二人のもとにもどり、どうやら先生がなにか企んでるらしいと言うと、理恵が
「外に行きたかったな、まあ先生がする事だから楽しそうだね」
といい、また手に持っていた本に目を落とし、読んでいたページを探し始めた。
章太はもう本を読む気がないのか、読んでいた本の上に積み木を置き、なにやら自分の世界に入っていった。
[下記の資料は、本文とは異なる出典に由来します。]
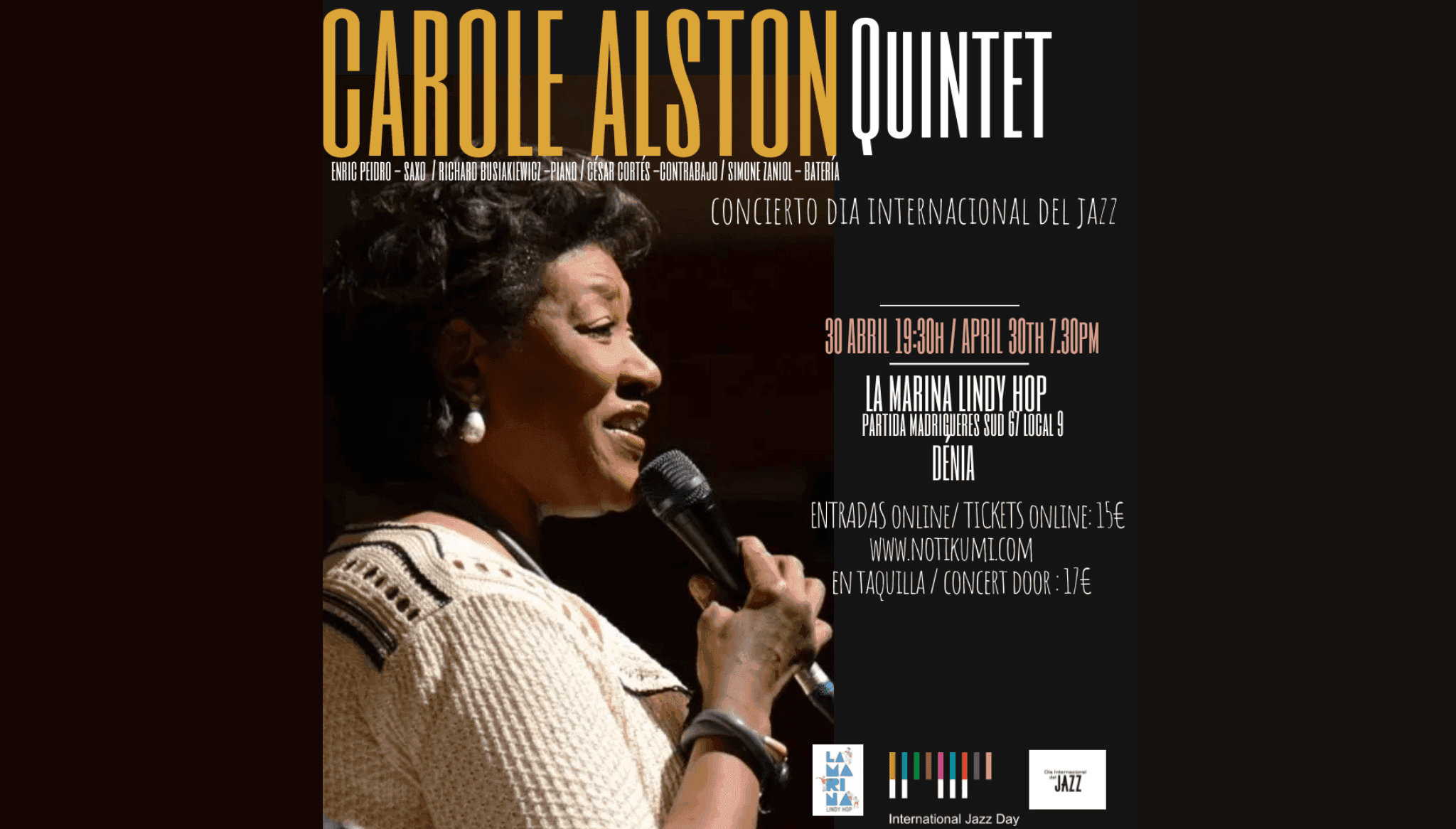 25 de abril de 2023 - 16:48 Foto Anterior3 de 3Ver el artículo original: Llega a Dénia la fresca y creativa música de jazz con el concierto de Carole Alston Actuación de Carole Alston en las instalaciones de La Marina Lindy Hop Carole Alston viajará a Dénia para actuar Carole Alston Quintet

本を読むのも飽きたし、もしも理恵の言うよう、何かの遊びをするのなら色々とした雑用があると思い、
上田先生のもとへ手伝いにいった。
「田中、悪いがバケツに水を半分ほど張って持ってきてくれないか」
と言われ、何をするのか聞く間もなく、持っていくと、いきなりその中に新聞紙をいっぱいに入れ、
かきまぜてどろどろの液体にした。
「さあ、今からみんなで日本を作ろう」
と上田先生が言った。どうやら立体の日本地図を造ろうとしてるらしい。少し面白そうだと思い、
理恵と章太も呼んで、生徒全員でその作業を始めた。
すると、見たことのない人がその中に混じっていた。年は理恵と同じくらいの女の子。
第一印象としては、小柄だが、存在感があり目元が柔らかく、おっとりした感じ。
不思議に思い先生の方を見ると
「ああ、昨日からこの教室に入ってきた新しい子だよ」
見た所ごく普通の人のようだ、どうやら俺と同じように臨時教師として入ってきたのだろう。
「はじめまして、よろしくね」
というと彼女は微笑んで、軽く会釈をし
「立木です、よろしくお願いします」
といった。俺はまた作業に取り掛かった。一人の子がものすごく大きな「九州」を
作ったせいで本州をものすごく大きく作らなくてはならず、少しぼやきながらみんなで作っていると昼になった。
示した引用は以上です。